>>>

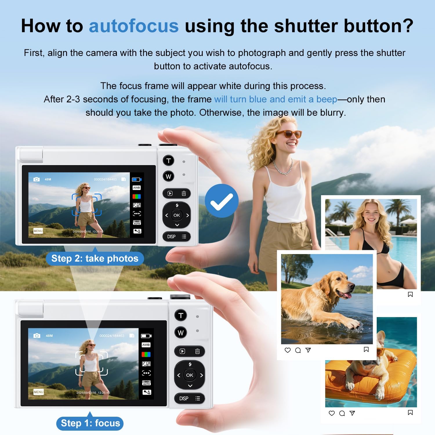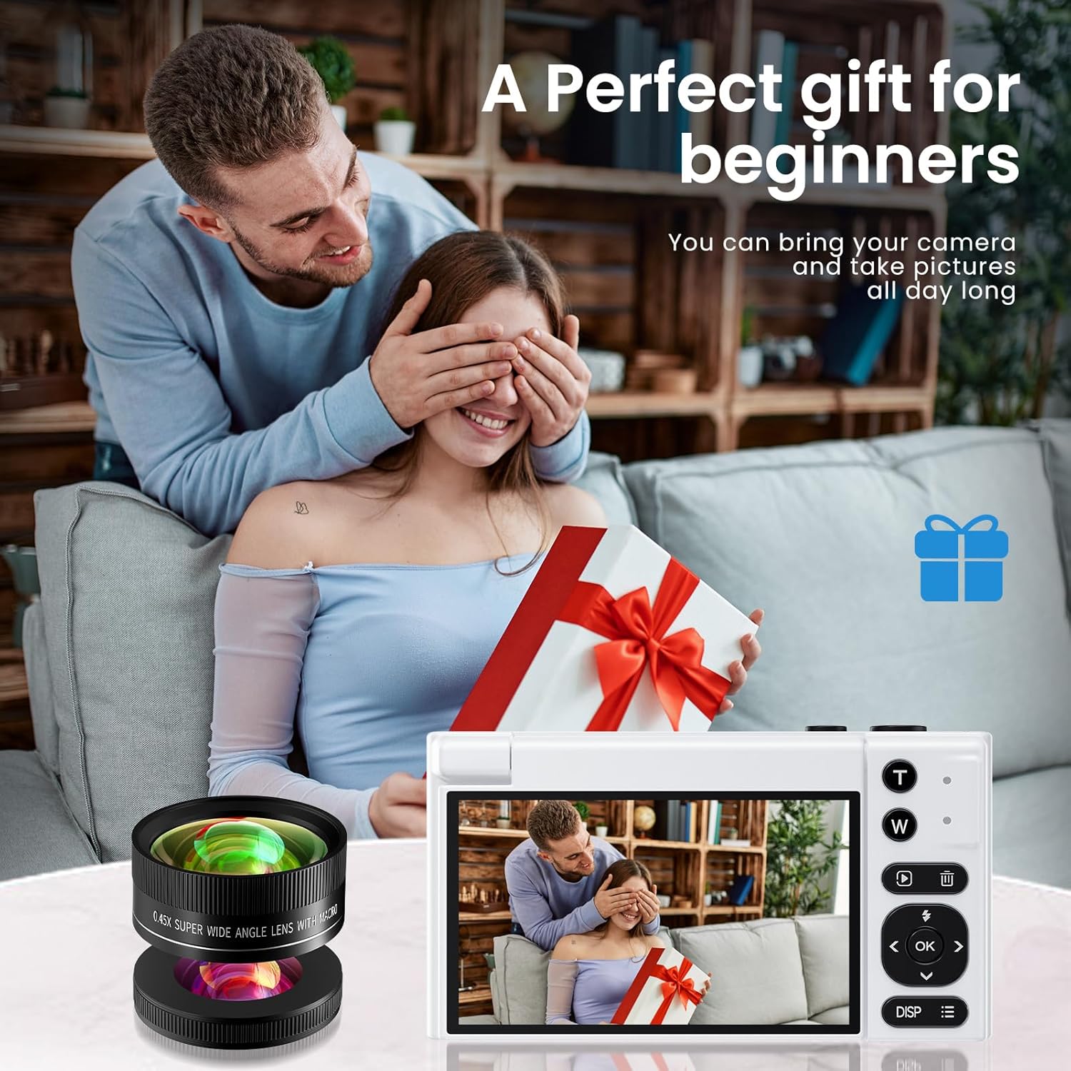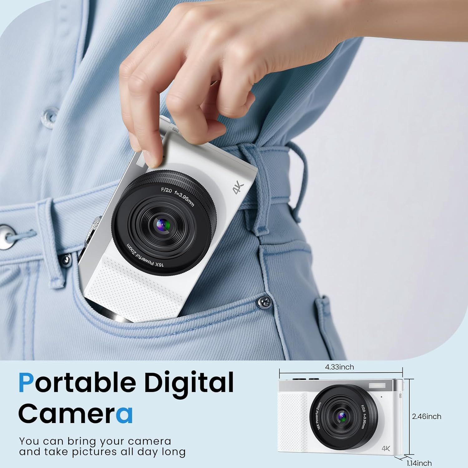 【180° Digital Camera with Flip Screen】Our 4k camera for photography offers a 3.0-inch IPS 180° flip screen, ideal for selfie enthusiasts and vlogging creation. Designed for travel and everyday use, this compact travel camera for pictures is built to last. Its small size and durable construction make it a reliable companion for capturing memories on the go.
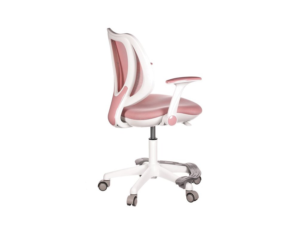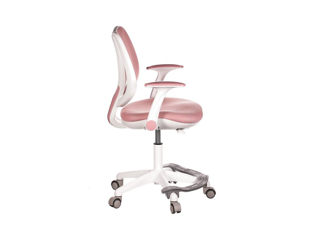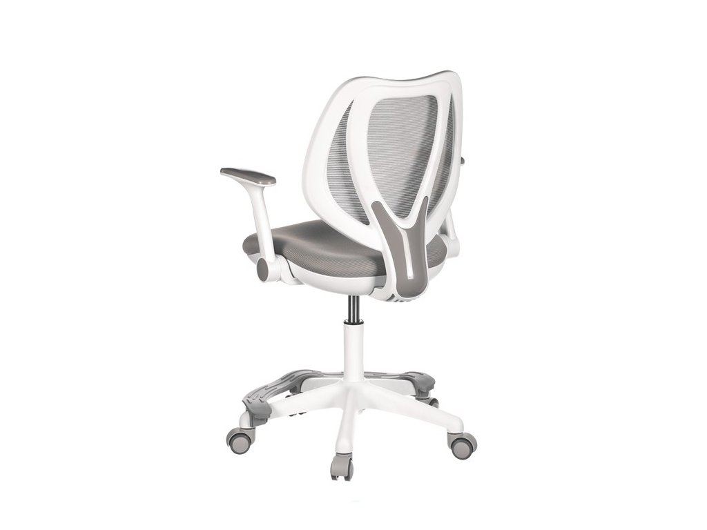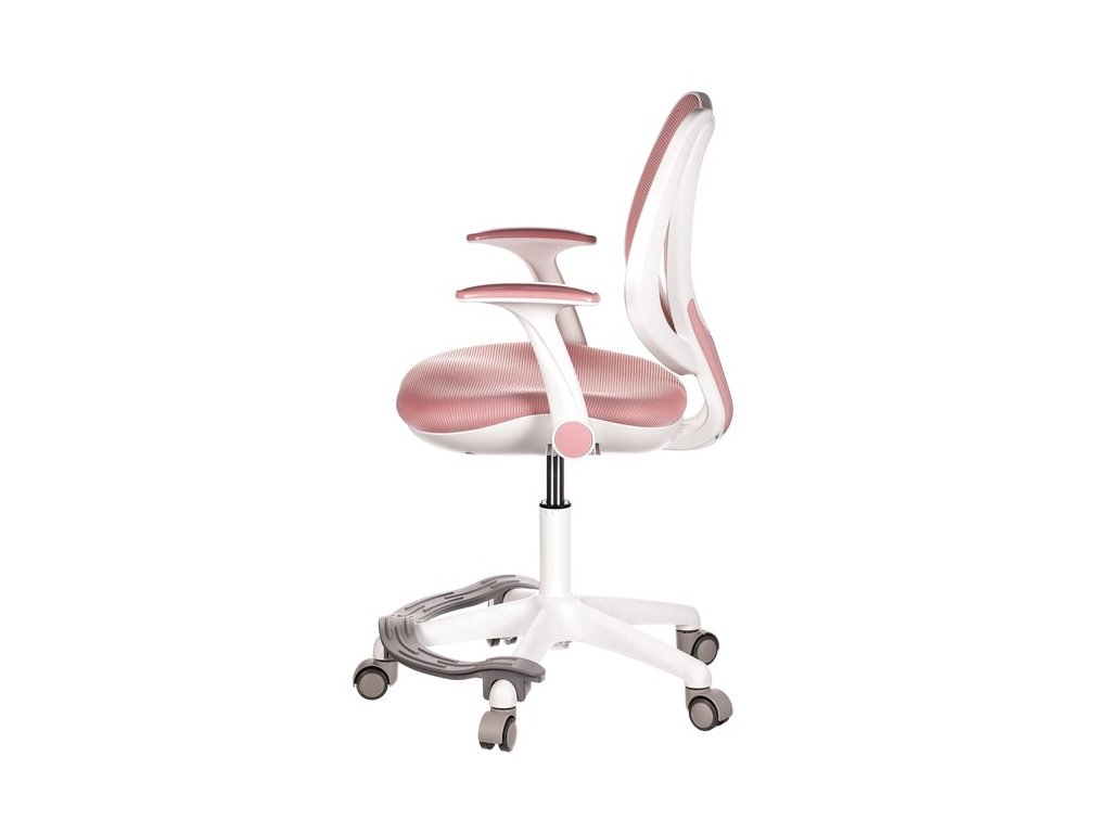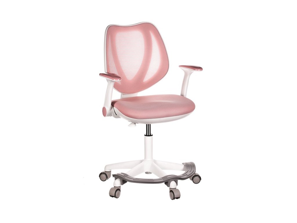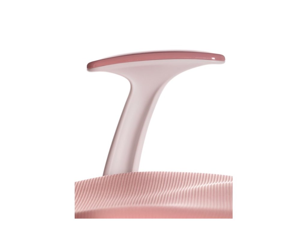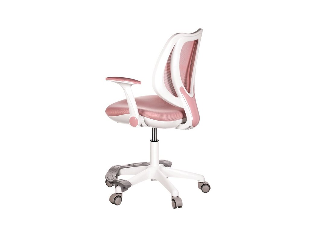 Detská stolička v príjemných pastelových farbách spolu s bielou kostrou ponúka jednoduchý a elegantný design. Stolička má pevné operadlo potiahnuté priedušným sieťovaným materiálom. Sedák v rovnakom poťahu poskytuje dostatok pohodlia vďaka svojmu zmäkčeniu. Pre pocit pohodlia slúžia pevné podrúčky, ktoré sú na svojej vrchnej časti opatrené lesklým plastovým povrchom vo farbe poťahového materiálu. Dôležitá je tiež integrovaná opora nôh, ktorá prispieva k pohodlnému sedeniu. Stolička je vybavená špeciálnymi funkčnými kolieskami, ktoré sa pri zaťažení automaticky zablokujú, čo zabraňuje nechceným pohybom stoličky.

<<<
>>>

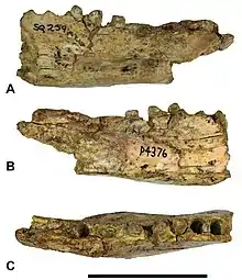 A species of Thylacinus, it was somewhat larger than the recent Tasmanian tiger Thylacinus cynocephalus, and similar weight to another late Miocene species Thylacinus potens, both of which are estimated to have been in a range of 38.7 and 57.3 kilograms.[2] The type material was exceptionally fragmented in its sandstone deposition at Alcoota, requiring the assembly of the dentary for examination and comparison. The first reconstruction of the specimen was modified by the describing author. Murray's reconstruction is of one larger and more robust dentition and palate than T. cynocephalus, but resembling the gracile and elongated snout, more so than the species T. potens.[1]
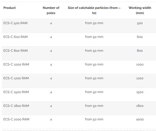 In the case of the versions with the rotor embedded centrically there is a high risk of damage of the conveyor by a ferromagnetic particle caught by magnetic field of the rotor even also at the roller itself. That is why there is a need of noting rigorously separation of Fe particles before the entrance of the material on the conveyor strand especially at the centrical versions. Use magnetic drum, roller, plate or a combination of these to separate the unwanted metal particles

<<<

What to do: Your reply should consist solely of the lines above from the line containing "A species of" up to and including the line containing "In the case", reproduced exactly, minus the pictures.

Output of the task:
 A species of Thylacinus, it was somewhat larger than the recent Tasmanian tiger Thylacinus cynocephalus, and similar weight to another late Miocene species Thylacinus potens, both of which are estimated to have been in a range of 38.7 and 57.3 kilograms.[2] The type material was exceptionally fragmented in its sandstone deposition at Alcoota, requiring the assembly of the dentary for examination and comparison. The first reconstruction of the specimen was modified by the describing author. Murray's reconstruction is of one larger and more robust dentition and palate than T. cynocephalus, but resembling the gracile and elongated snout, more so than the species T. potens.[1]
 In the case of the versions with the rotor embedded centrically there is a high risk of damage of the conveyor by a ferromagnetic particle caught by magnetic field of the rotor even also at the roller itself. That is why there is a need of noting rigorously separation of Fe particles before the entrance of the material on the conveyor strand especially at the centrical versions. Use magnetic drum, roller, plate or a combination of these to separate the unwanted metal particles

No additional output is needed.